What's interesting is that though the script sets up the potential for the hero to be grief-stricken by his culpability, the serial avoids any direct admission of Britt Reid's guilt.  The Hornet's quest isn't seen in terms of compensation; it's just something any decent man would wish to do. Still, there's a mild similarity in the serial's origin-story to that of a much later arthropod hero, the Amazing Spider-Man-- though the later hero loses a person dear to him due to his negligence, while the nascent Hornet's neglect only costs the lives of men the publisher does not know. Still, it's significant that the Hornet is born out of guilt and a failure to emulate his paternal ideal, as his secretary repeatedly emphasizes to Reid.  The deeper motive is dropped almost as soon as it is raised, just as the adventures of Batman rarely returned to the scene of that character's inner trauma. External action ruled the ethos of the day in adventure-fiction, but it could be said that the Hornet, unlike his more optimistic predecessor the Ranger, suggests the way things would evolve down the superhero road.
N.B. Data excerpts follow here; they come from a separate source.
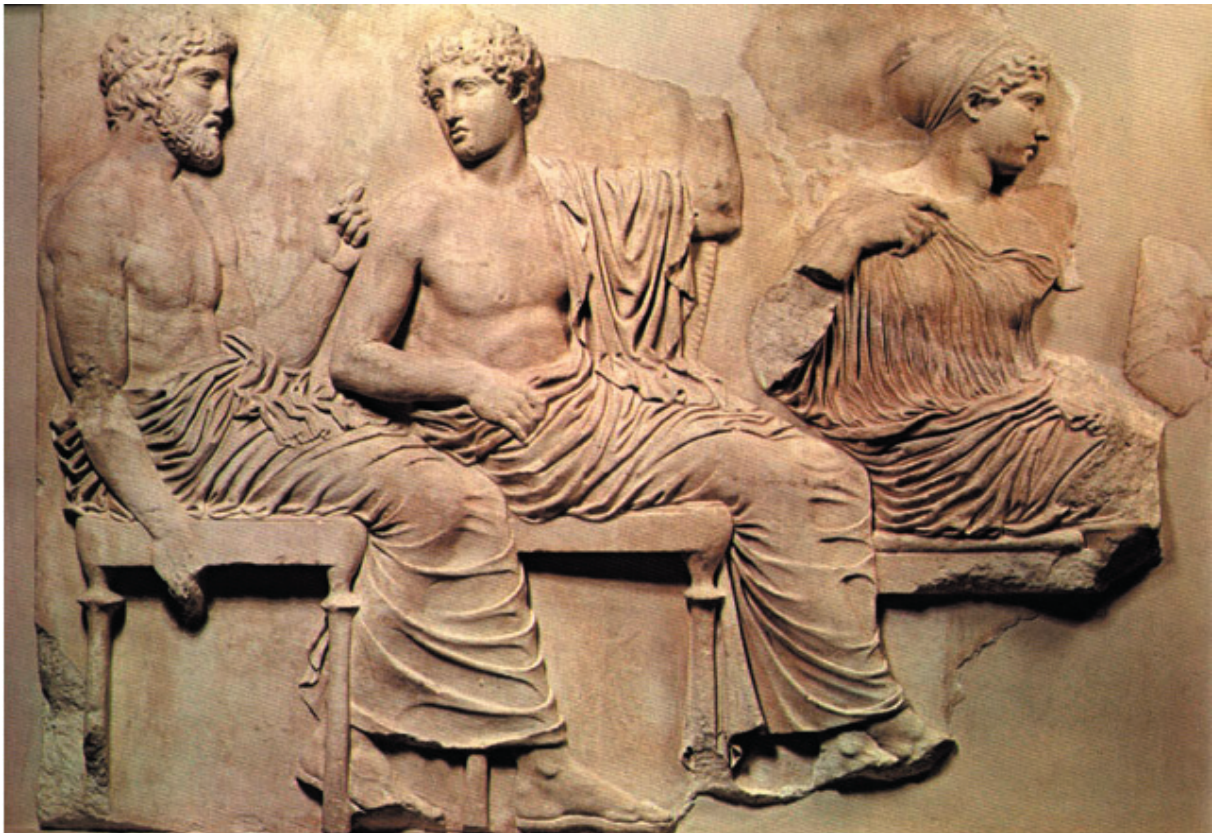
Sl. 3. Partenon, istočni friz, blok 6, fig. 38-40, British museum.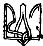
Plattenfehler 2, 20. Marke.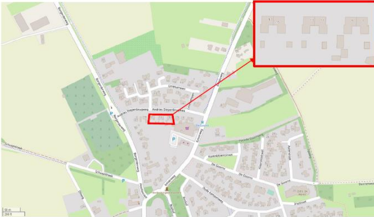
Figuur 1: locatie van het plangebied (rood omlijnd)

Op 20 mei 2021 hebben wij een aanvraag ontvangen voor een ontheffing van de Wet natuurbescherming (Wnb) van ecologisch adviesbureau Buro Bakker/ATKB namens Woonservice (hierna ontheffinghouder). Op 2 februari 2022 heeft de ontheffinghouder ons, naar aanleiding van de door ons gestelde vragen, aanvullende informatie toegestuurd per mail. Het project betreft de sloop en nieuwbouw van woningen aan de Andries Diepenburgweg 7 t/m 17 in Odoorn, gemeente Borger-Odoorn. De ontheffinghouder heeft een ontheffing aangevraagd voor de verbodsbepalingen genoemd in artikel 3.5, lid 2 en lid 4, van de Wnb voor de gewone dwergvleermuis.

I should add that there's one major thematic difference between the origins of the Lone Ranger and of Superman: John Reid is severely wounded by the ambush of his posse of Texas Rangers, while little Kal-L isn't even aware of what's going on when he's rocketed clear of the dying planet Krypton.  However, the upshot of both characters' isolation from their ingroup are de-personalized by the way both become virtual icons.  The Ranger becomes bonded to a Native American and both become a symbol of mythic brotherhood, with Reid's wounding and even his history quickly forgotten.  Superman is bonded to the people of Earth as their angelic protector, and he goes through ten years of adventures before he feels any anguish about Krypton's demise.  The Green Hornet and Batman have their mythic aspects as well, but there's less of a sense that they are myths made flesh; their mundane lives are never entirely obliterated by their heroic roles.